## WORK TO BE COMPLETED
Would you print the records below from the first line through the line containing "图 1 江苏及邻区构造、地震台网分布和模型网格示意图", skipping the pictures?

——

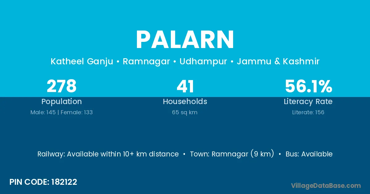Ramnagar (9 km) is the nearest town to Palarn village for major economic activities and is located approximately 9 km away.
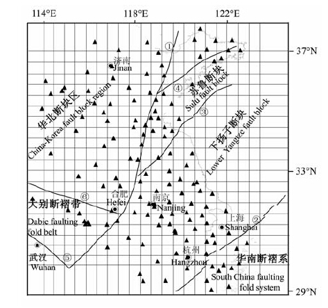 图 1 江苏及邻区构造、地震台网分布和模型网格示意图 ① 郯城-庐江断裂,② 江山-绍兴断裂,③ 淮阴-响水断裂,④ 烟台-五莲断裂,⑤ 广济-襄樊断裂,⑥ 肥中断裂,▲地震台站. Fig. 1 Over view of tectonics and distribution of seismicnet work in Jiangsu and neighbor in gareas ① Tancheng-Rujian fault , ② Jiangshan-shaoxing fault , ③Huaiyin-Xiangshui fault , ④ Yantai-wulian fault , ⑤ Guangji-Xiangfan fault , ⑥ Feizhong fault , ▲ Seismic station . |
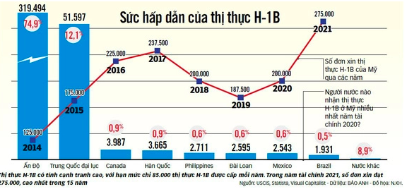 Nhiều năm trước, việc có thị thực Mỹ diện H-1B được coi như một sự đảm bảo tốt về tài chính và sự nghiệp với người lao động nước ngoài có tŕnh độ cao.
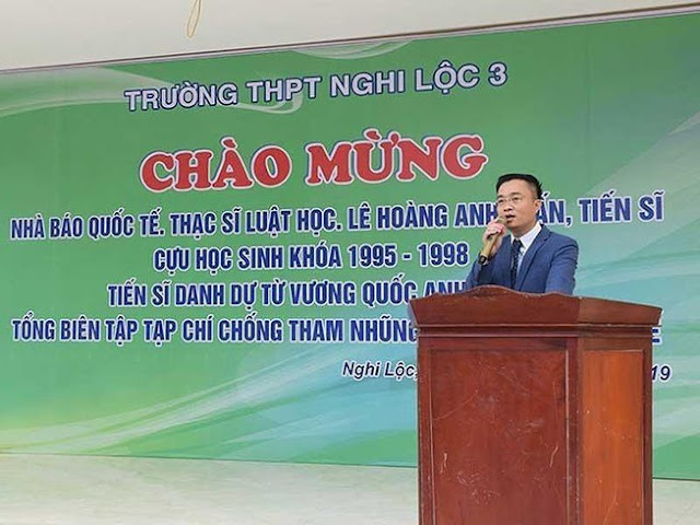 Số là ông Lê Hoàng Anh Tuấn xuất hiện trong Lễ “vinh quy bái tổ” tại Trường THPT Nghi Lộc III, huyện Nghi Lộc, tỉnh Nghệ An. Trường này long trọng tổ chức lễ Chào mừng Nhà báo Quốc tế, Thạc sĩ Luật học, Tiến sĩ, Lê Hoàng Anh Tuấn, cựu học sinh khóa 1995 – 1998, Tiến sĩ Triết học danh dự từ Vương Quốc Anh 2018, Tổng Biên tập Tạp chí Chống tham nhũng và Hợp tác Quốc tế, Viện trưởng Viện Pháp luật kinh doanh và đầu tư Châu Âu.
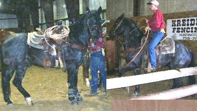The first photo was taken on Sept. 13, 2001. The second photo was taken on January 12, 2003. PNA Travelin Hancock is now standing in IN. and has started roping. The roping photos are from Jan. 2005. 2010 UPDATE- Traveler has been sold and is now located in Canada & still looking good!
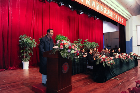 12月24日,我院四届四次教职工代表大会在新校区音乐厅隆重举行。院党委书记、院长王志刚,党委副书记米晓东、李全武,副院长傅志军、赵荣侠等出席大会。146名正式代表、14名列席和特邀代表参加了本次大会。大会主要议题是听取、审议院长工作报告,听取和审议三个职能部门的校务公开工作报告及四届三次教代会提案落实情况的报告。李全武主持大会开幕式。大会开始前召开了四届四次教代会预备会。
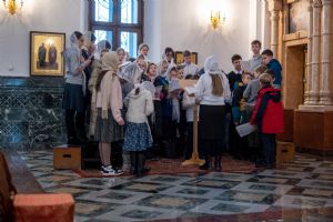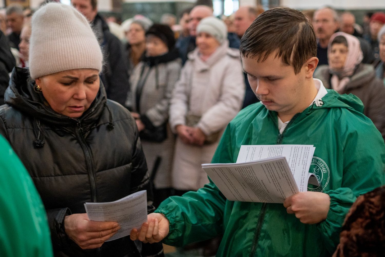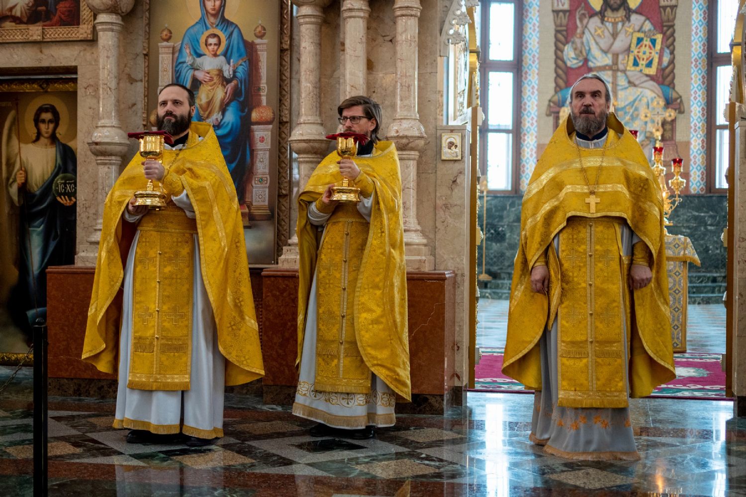 Его Высокопреосвященству сослужили секретарь Йошкар-Олинского епархиального управления иеромонах Серафим (Пасанаев), ключарь кафедрального собора протоиерей Сергий Поглазов, клирики собора, руководитель Миссионерского отдела Йошкар-Олинской епархии протоиерей Алексий Михайлов, гость из Москвы иерей Сергий Фуфаев – заместитель председателя Синодального миссионерского отдела, а также протодиакон Михаил Козловский. Песнопения исполняли старший и младший составы детско-юношеского хора «Благовест» под управлением регентов Татьяны Черновой и Надежды Поздеевой.
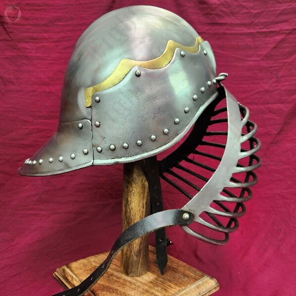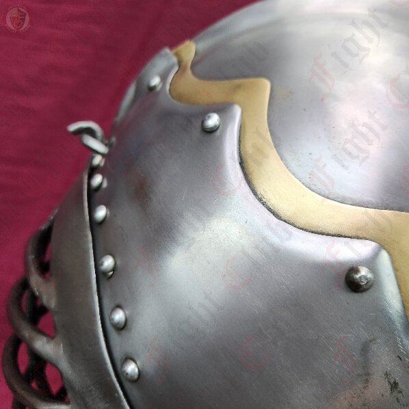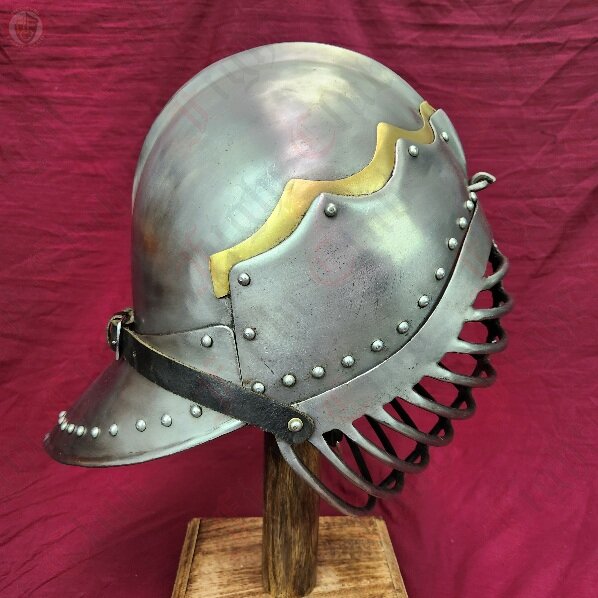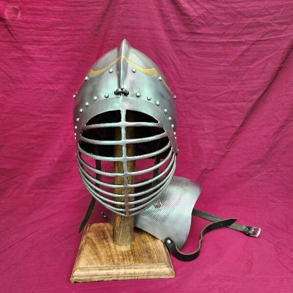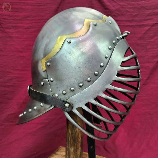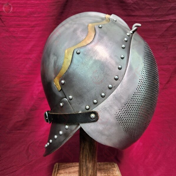 The sallet is a stape helmet from 15thC Europe, in particular Germany and Italy. This sallet is based off of a German style, denoted by the iconic flute at the back, and was basically the universal helmet of German soldiers in this period. This helmet features only a minimal flair: a brass layer above the crest. Not too much, but enough to show your distinguished side. This sallet also comes with two faceplates, a barred version for SCA combat and a steel mesh version for combat archery. Both hook into a slot at the forehead and are secured via a leather strap.
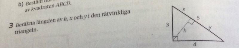 Arean av triangeln kan skrivas som A=3·42  Men även som  A=5·h2
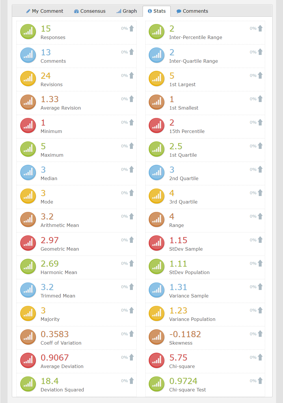 Surveylet can display 30 different statistics under the Stats analytics tab such as median, mode, mean, and so on. While explaining and teaching you all the statistical methods used by Surveylet is out of the scope of this introduction, you may want to check out this webpage as a beginners guide tutorial on statistics.
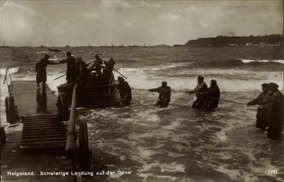 Ak Nordseeinsel Helgoland, Schwierige Landung auf der Düne
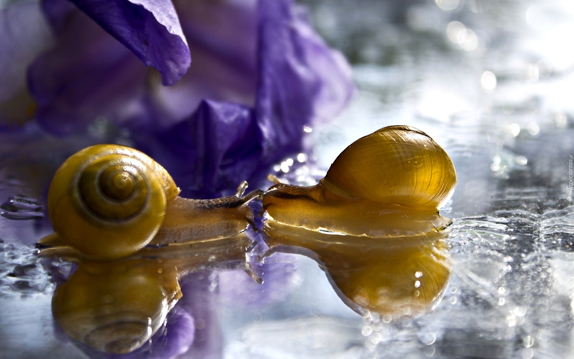 Edytor tapety: Dwa, Ślimaki, Makro, Odbicie
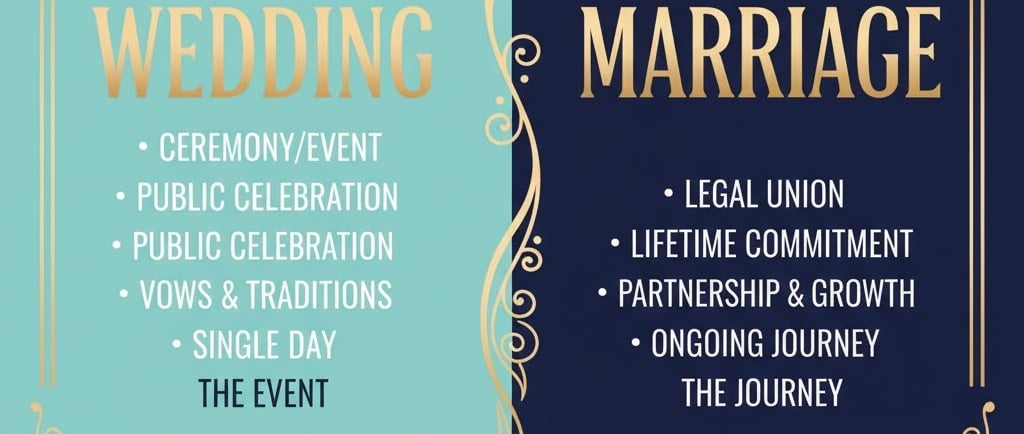 Marriage, on the other hand, is the legal and social union between two people. It's an ongoing relationship, a partnership, and a commitment that typically lasts a lifetime.
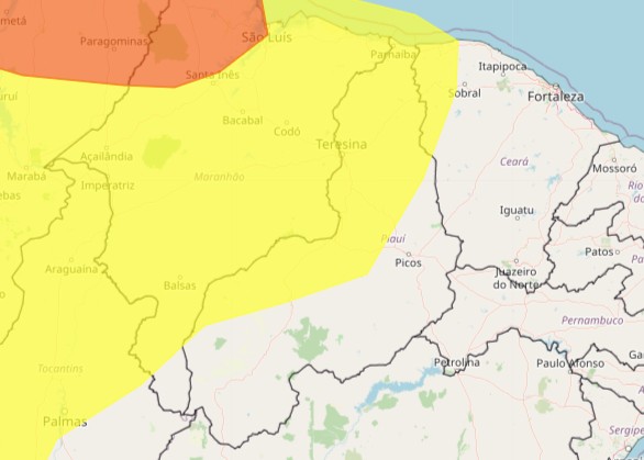 Um alerta amarelo de possibilidade de chuvas intensas para a região Centro, Norte e Litoral do Piauí foi publicado pelo Instituto Nacional de Meteorologia (Inmet) nesta sexta-feira (21). A capital piauiense está sob o alerta.
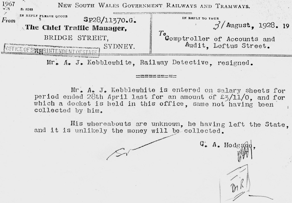 Alfred became a Detective for the Railways after leaving the police but disappears off the face of the earth in 1928. Obviously, things didn’t go so well with his 2nd wife, this note appears in the Police Gazette in May 1928.
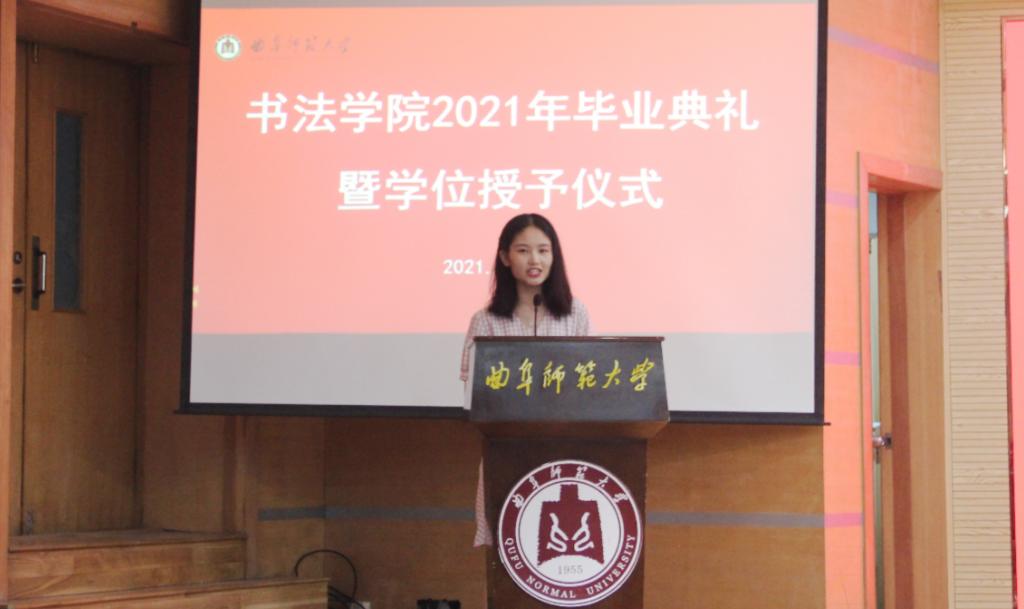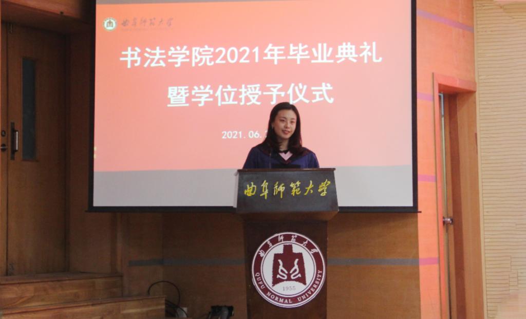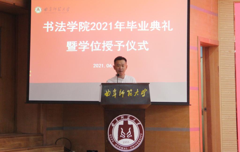 曲阜师大新闻中心讯(通讯员:薛翠)6月26日上午九点,书法学院2021年毕业典礼暨学位授予仪式在我校孔子会堂隆重举行。学院党委书记院长刘建新、副院长陈涛、院长助理乌峰、徐传法,及学院各教研室主任、各年级辅导员、2021届毕业生和在校学生代表共同出席。典礼由学院党委副书记胡乃永主持。

——

## SOLUTION TO THE EXERCISE
Ramnagar (9 km) is the nearest town to Palarn village for major economic activities and is located approximately 9 km away.
 图 1 江苏及邻区构造、地震台网分布和模型网格示意图 ① 郯城-庐江断裂,② 江山-绍兴断裂,③ 淮阴-响水断裂,④ 烟台-五莲断裂,⑤ 广济-襄樊断裂,⑥ 肥中断裂,▲地震台站. Fig. 1 Over view of tectonics and distribution of seismicnet work in Jiangsu and neighbor in gareas ① Tancheng-Rujian fault , ② Jiangshan-shaoxing fault , ③Huaiyin-Xiangshui fault , ④ Yantai-wulian fault , ⑤ Guangji-Xiangfan fault , ⑥ Feizhong fault , ▲ Seismic station . |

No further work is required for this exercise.